Statistical analysis

The data was entered in EpiData Entry (version 3.1) and then transferred to Stata 10.0 (Stata Corp. College Station, Texas, USA) software for statistical analysis. Prevalence of S.aureus and MRSA were estimated with 95% confidence intervals. The relationship between each variable and the outcome (nasal carriage of S. aureus) was explored using odds ratios (OR). Crude OR's were calculated from two by two tables. A given variable was entered in the final multiple logistic model if the bivariate analysis yielded a P value less than 0.1. All the variables were adjusted for age and sex. A complete case series analysis was used. The independent variables included were: sex (boys versus girls), age group (7 to 12 months, 13 to 24 months and 25 to 59 months versus 1 to 6 months), current breastfeeding status (yes versus no), child attends no school, preschool, school (no school/no preschool versus preschool, school), family size (between 5 to 10 members and more than 10 members to less than or equal to 4 members), education of the mother (up-to primary, up-to higher secondary and graduate or postgraduate versus illiterate), occupation of the breadwinner (self employed versus salaried), antibiotic use in the last 2 weeks (yes versus no), hospitalization in the last 2 weeks (yes versus no), hospital visit in the last 2 weeks (yes versus no). Chi-square tests were used to test for statistical significance (5%).

Results

Study population

Of the 1600 caregivers approached 1,562 (98%) consented for their child to participate in the study; 902 were boys (58%) and 660 girls (42%). Almost equal numbers of children were enrolled from the two hospitals. Thirty-nine percent of the children were between 1 and 6 months of age, 31% were between 25 and 59 months.

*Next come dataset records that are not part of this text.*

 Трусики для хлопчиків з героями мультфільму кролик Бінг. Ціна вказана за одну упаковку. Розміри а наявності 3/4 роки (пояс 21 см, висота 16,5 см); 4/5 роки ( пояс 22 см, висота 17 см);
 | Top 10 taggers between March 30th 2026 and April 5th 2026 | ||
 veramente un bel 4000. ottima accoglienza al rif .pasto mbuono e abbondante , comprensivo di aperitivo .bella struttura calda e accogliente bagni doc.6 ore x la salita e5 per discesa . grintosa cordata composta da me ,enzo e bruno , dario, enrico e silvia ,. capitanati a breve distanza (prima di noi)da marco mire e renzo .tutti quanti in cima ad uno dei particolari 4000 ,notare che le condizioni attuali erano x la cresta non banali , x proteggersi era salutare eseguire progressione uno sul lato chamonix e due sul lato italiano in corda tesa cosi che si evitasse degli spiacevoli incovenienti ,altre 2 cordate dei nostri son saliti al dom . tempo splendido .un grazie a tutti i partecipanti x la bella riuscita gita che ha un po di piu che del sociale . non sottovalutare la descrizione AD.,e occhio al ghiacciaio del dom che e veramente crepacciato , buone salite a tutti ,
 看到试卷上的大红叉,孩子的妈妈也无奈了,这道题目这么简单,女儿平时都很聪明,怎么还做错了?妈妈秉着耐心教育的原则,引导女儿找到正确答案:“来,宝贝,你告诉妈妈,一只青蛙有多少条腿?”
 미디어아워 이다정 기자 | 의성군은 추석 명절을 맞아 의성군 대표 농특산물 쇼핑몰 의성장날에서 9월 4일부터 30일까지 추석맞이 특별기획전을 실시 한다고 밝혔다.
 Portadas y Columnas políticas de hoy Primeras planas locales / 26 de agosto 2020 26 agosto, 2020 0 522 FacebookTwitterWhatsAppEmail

The prevalence of breastfeeding before 6 months of age was 92%; however whether breastfeeding was exclusive or not was not documented. About 50% of the 482 children above 3 years of age went to school or preschool and 9% to 17% of children in the different age categories utilized anganwadi which are Government of India run mother and child care services (pre-school) intended for children between 0 to 6 years of age.

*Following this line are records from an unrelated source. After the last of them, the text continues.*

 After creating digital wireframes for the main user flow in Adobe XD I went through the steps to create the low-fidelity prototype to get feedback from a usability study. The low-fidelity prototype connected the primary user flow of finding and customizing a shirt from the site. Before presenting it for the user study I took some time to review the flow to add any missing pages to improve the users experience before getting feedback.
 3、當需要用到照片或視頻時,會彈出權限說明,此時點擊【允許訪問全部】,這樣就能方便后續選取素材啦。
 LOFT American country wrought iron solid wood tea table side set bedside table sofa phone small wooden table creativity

Thirty-eight percent of mothers were uneducated or educated with only primary education. Most of the mothers (84%) with graduate or postgraduate degree were enrolled from the non-teaching whereas 64% of all illiterate mothers were enrolled from the teaching hospital.

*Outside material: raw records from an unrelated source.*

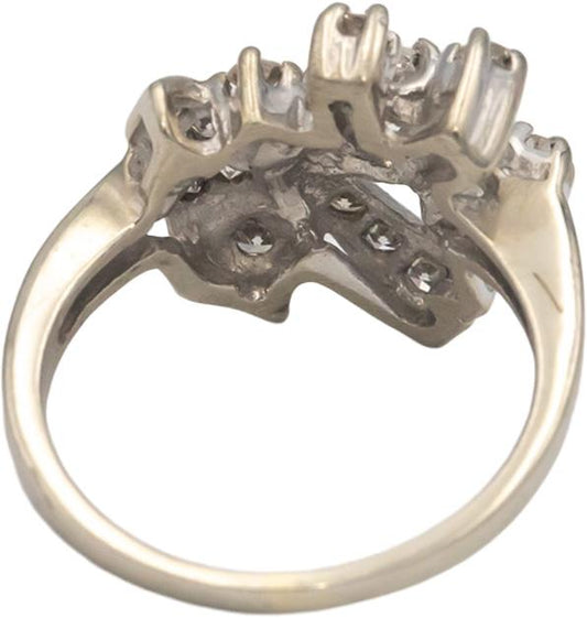 Antique Vintage 14k White Gold VS Diamond Ribbon Cocktail Ring 0.40CT Size 4.5
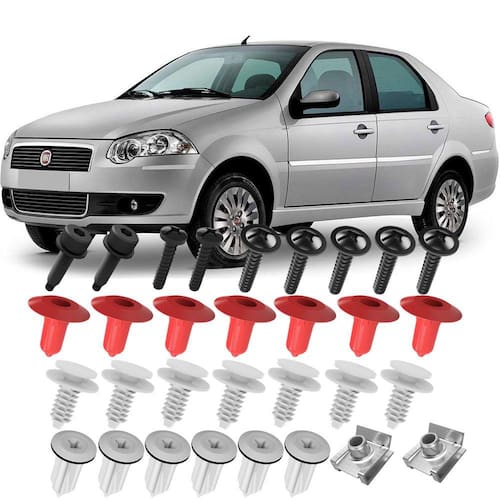 Kit com 31 Peças Grampos Presilhas Buchas e Parafusos Para Forro Porta Dianteira Siena G4 2008 até 2012
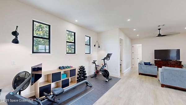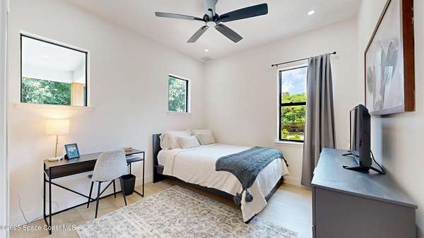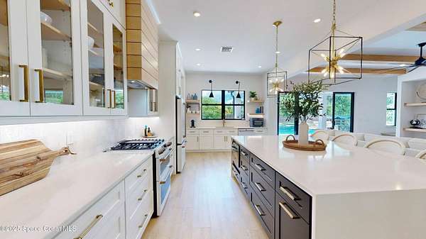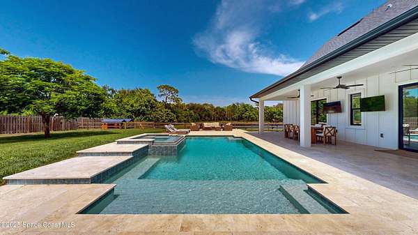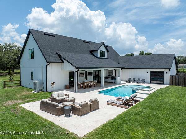 *Modern Farmhouse on 7 Private Acres with Lake & Pool* Rare opportunity to own a custom-built modern farmhouse on nearly 7 secluded, dry acres in the heart of Merritt Island. This 6-bed, 3-bath home features nearly 3,800 sq ft of stylish, functional living space-including an office, gym, and chef's kitchen with quartz waterfall island, GE Cafe appliances, and custom cabinetry. Enjoy a private 1.3-acre lake, heated pool & spa, outdoor kitchen, impact windows, propane fireplace, and a 1/4-mile private driveway. Zoned for top-rated schools and just minutes to beaches, shopping, and the Space Center. Room for horses, barn, or simply to relax in total serenity. Truly one-of-a-kind-schedule your private tour today! Updated exterior photos coming soon. Seller recently completed a major front elevation improvement and landscape project.
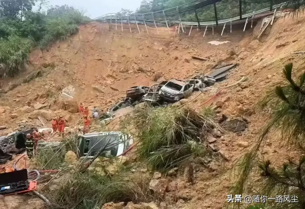 这次塌方事故,坑度深为四五。米,长达17.9米,面积184平米。直接导致23辆车陷落大坑,造成48人遇难,重伤30人。
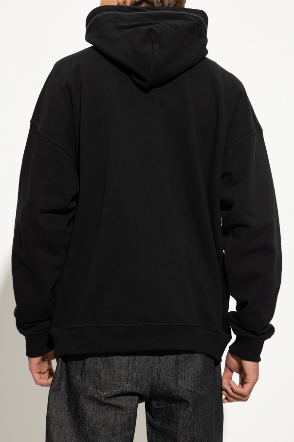Black ‘S-UMMER’ sweatshirt with a drawcord-adjustable hood from Diesel. Crafted from cotton jersey with a relaxed fit, this style features a vintage effect, a printed logo, a kangaroo pocket and ribbed trims on the edges.
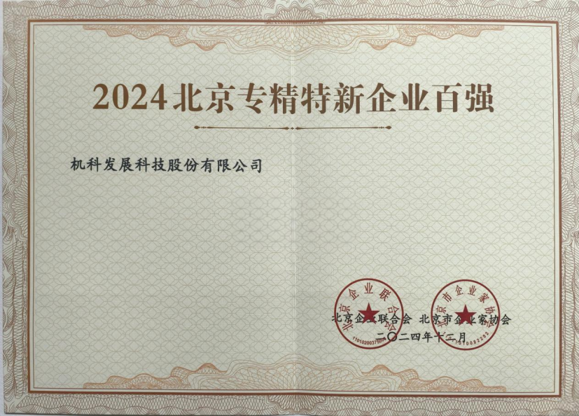 机科股份继2023年获得“北京市高精尖企业百强”、“北京市专精特新企业百强企业”荣誉称号后,再次喜获“北京市专精特新百强企业”荣誉。这是北京市政府、行业协会对机科股份成立20余年主动践行高精尖、专精特新装备高质量发展的高度肯定,更是对公司推动实体经济持续向好发展担当作为的充分肯定。未来,机科股份继续聚焦主责主业、加强应用基础技术自主创新,为加快建设世界一流创新型企业而努力奋斗。
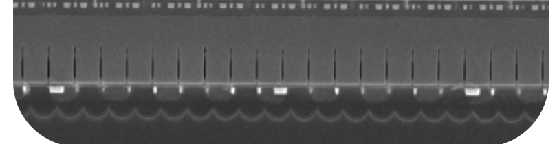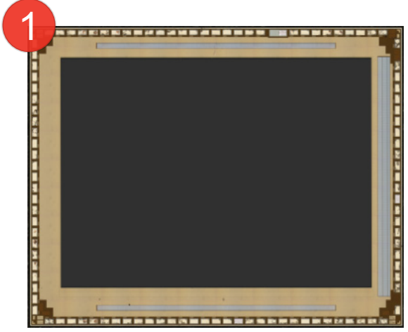 ↑この写真の向きで言うと、上下と右端に3列くらい並んでいる様に見えるシルバーの様な色のところが恐らくTSV(シリコン貫通Via)箇所
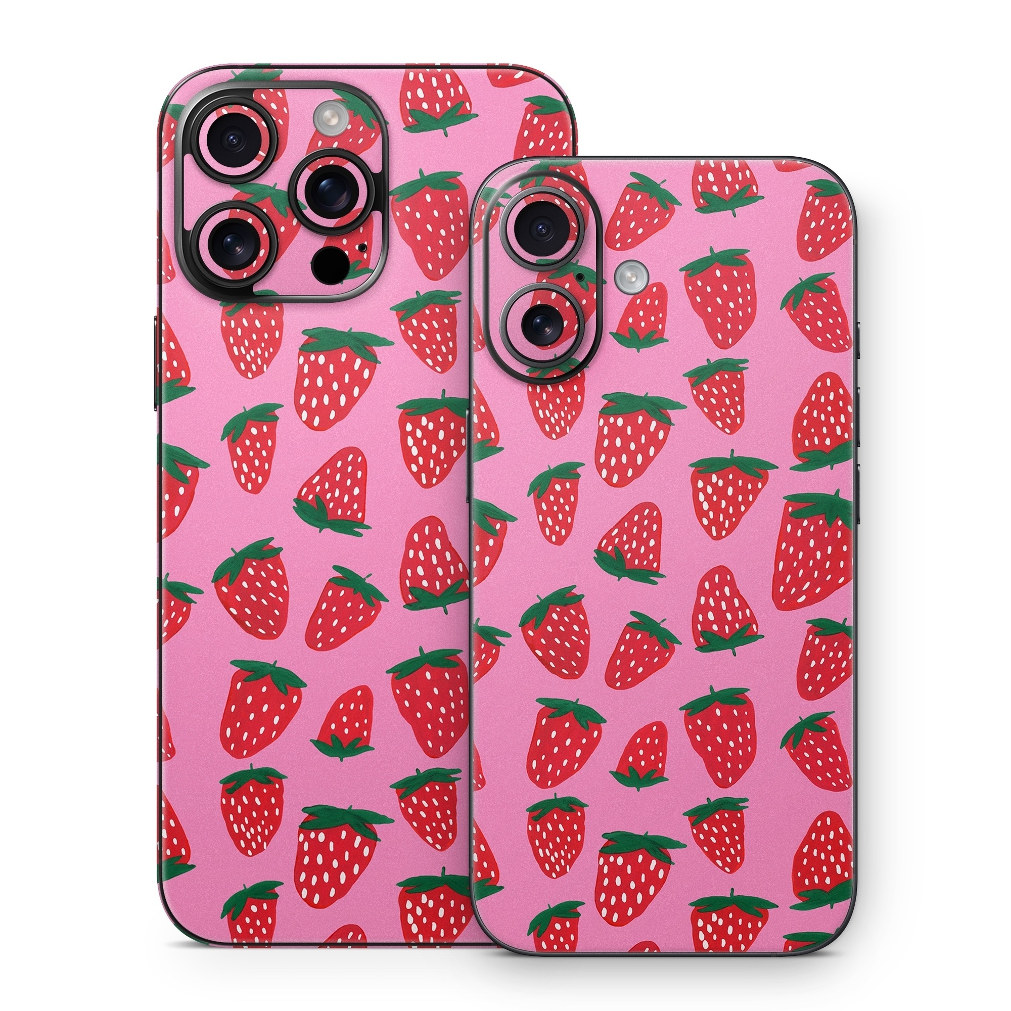 iStyles iPhone 16 Series Skin design of Textile, Font, Rectangle, Red, Triangle, Pattern, Carmine, Design, Cone, Wrapping paper, with red, green, pink, white colors, and tagged with patterns, objects, strawberry.

Antibiotic usage in the last 2 weeks was reported for 26% of children. A history of hospital visit other than for immunization in the last 2 weeks was noted for 27% of all children and 8.7% had a history of hospitalization in the last 2 weeks (Table 1).

Factors associated with nasal carriage

The prevalence of nasal carriage of S. aureus was 6.3% (95% CI 5.07-7.47). Out of 98 S. aureus isolates 16.3% (95% CI 8.87-23.77) were MRSA. The factors associated with colonization with S. aureus are shown in Table 1. The statistically significant OR observed in the multiple logistic regression models with nasal carriage of S. aureus as dependent variable were "child attending preschool" (OR 4.26, 95% CI 2.25-8.03; P = 0.007) or "school" (OR 3.02, 95% CI 1.27-7.18; P < 0.001) and "family size more than 10 members" (OR 2.76 95% CI 1.06-7.15; P = 0.03).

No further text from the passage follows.